EXERCISE
Every line of the material is to be returned verbatim. Pictures stay out.

DATA PROVIDED
+ + +
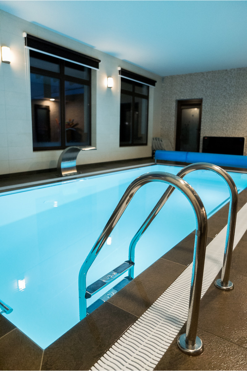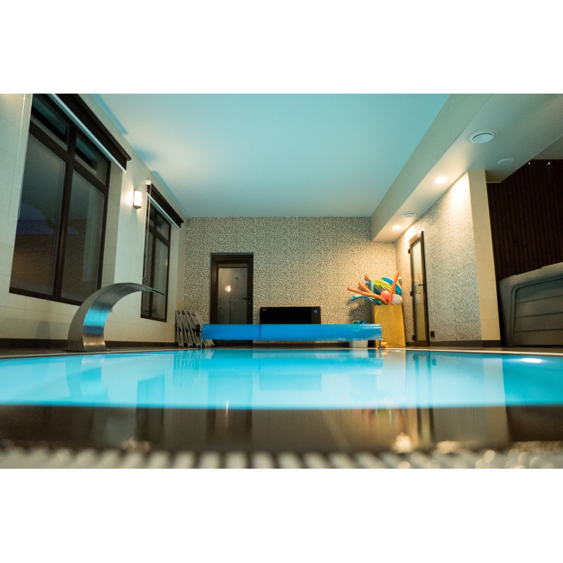 Просторният басейн е оборудван с плувно противотечение и водна каскада. Басейнът е страхотно забавление за цялото семейство.
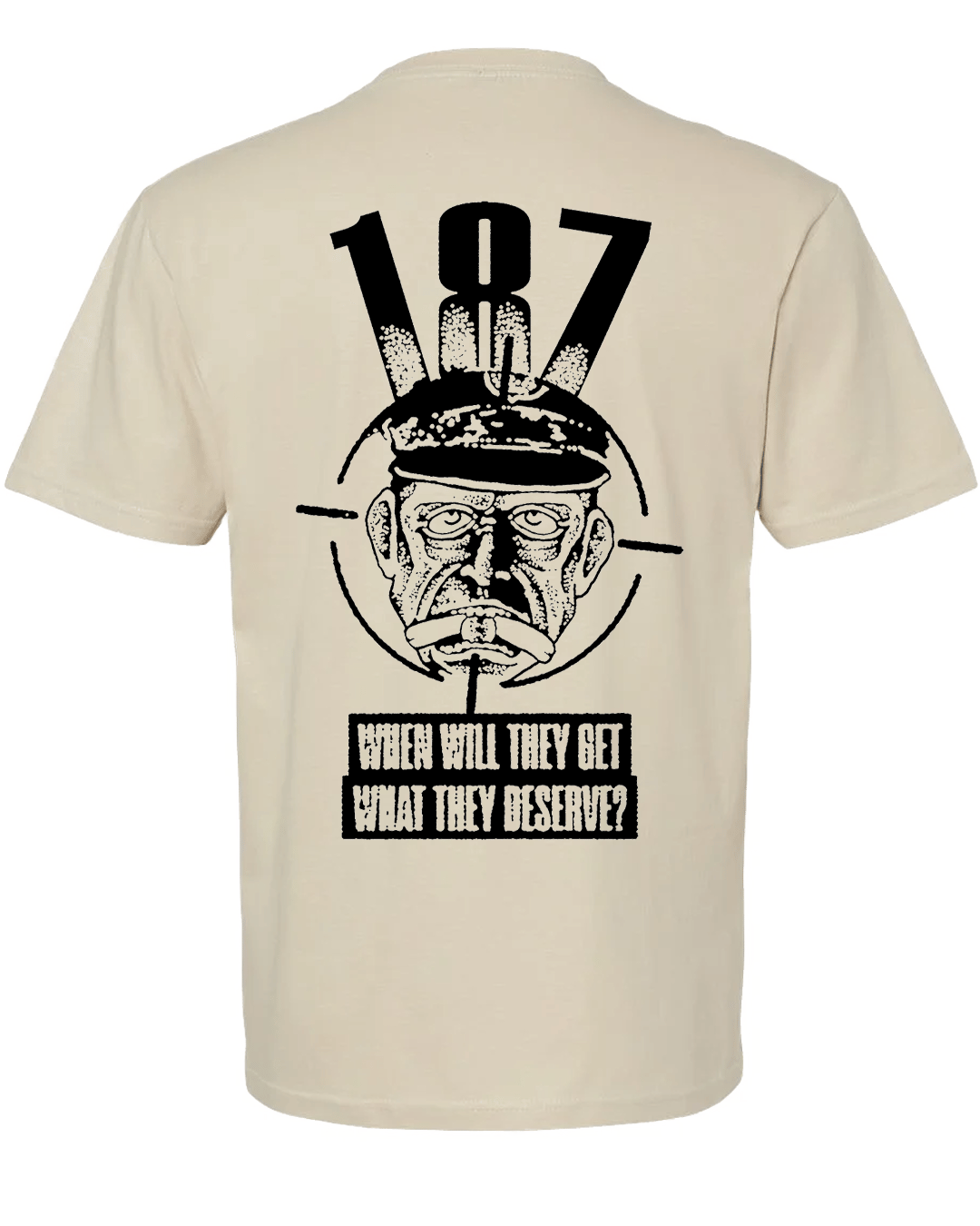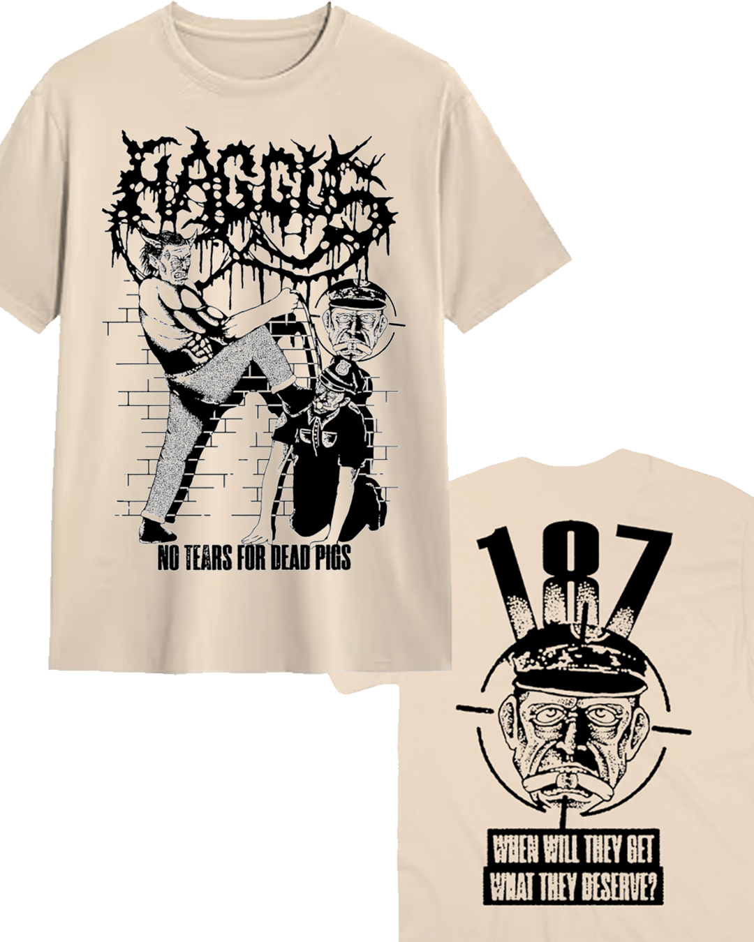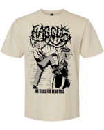 No Tears For Dead Pigs T-shirt, Off-white "pre-crusted" shirt with white and red ink, double sided print
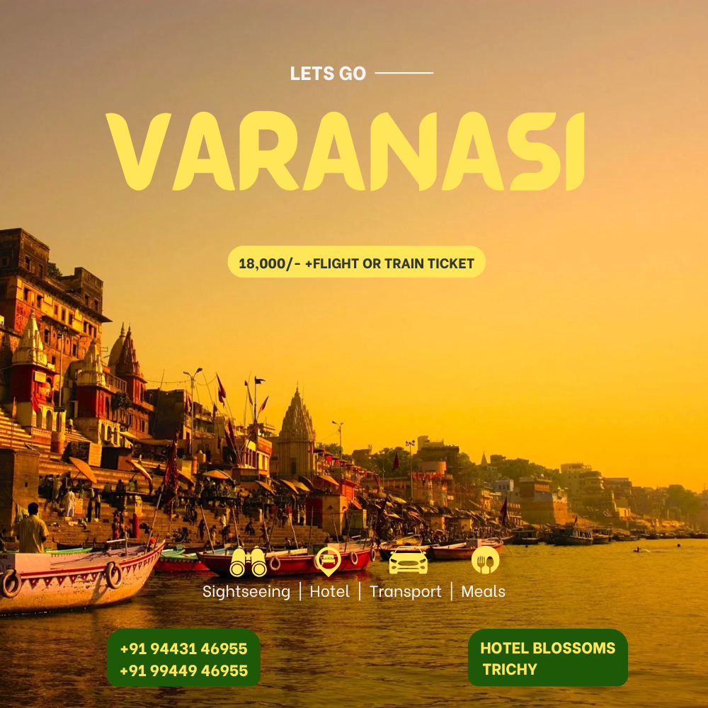 Varanasi Tour Organized by Trichy Rasi Travels with over 25 plus years of trusted travel service Experience the spiritual essence of Varanasi the oldest living city in the world. Witness the famous Ganga Aarti explore sacred temples and soak in the cultural beauty of this holy city. A perfect trip for couples families and friends seeking peace devotion and heritage Tour Highlights Visit to Kashi Vishwanath Temple Ganga Aarti at Dashashwamedh Ghat Boat ride on the Ganga River Local sightseeing including Sarnath Comfortable accommodation and travel support Customised itinerary available on request Tour cost details are available at our office Flight or train ticket fare is not included For bookings and information visit our office at Blossoms Hotel Trichy Let Trichy Rasi Travels take you on a meaningful and well guided spiritual journey
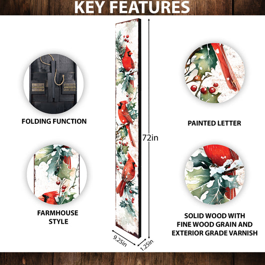 72" Merry Christmas Cardinal Watercolor Porch Sign | Outdoor Holiday Decor
+ + +
EXPECTED OUTPUT
 Просторният басейн е оборудван с плувно противотечение и водна каскада. Басейнът е страхотно забавление за цялото семейство.
 No Tears For Dead Pigs T-shirt, Off-white "pre-crusted" shirt with white and red ink, double sided print
 Varanasi Tour Organized by Trichy Rasi Travels with over 25 plus years of trusted travel service Experience the spiritual essence of Varanasi the oldest living city in the world. Witness the famous Ganga Aarti explore sacred temples and soak in the cultural beauty of this holy city. A perfect trip for couples families and friends seeking peace devotion and heritage Tour Highlights Visit to Kashi Vishwanath Temple Ganga Aarti at Dashashwamedh Ghat Boat ride on the Ganga River Local sightseeing including Sarnath Comfortable accommodation and travel support Customised itinerary available on request Tour cost details are available at our office Flight or train ticket fare is not included For bookings and information visit our office at Blossoms Hotel Trichy Let Trichy Rasi Travels take you on a meaningful and well guided spiritual journey
 72" Merry Christmas Cardinal Watercolor Porch Sign | Outdoor Holiday Decor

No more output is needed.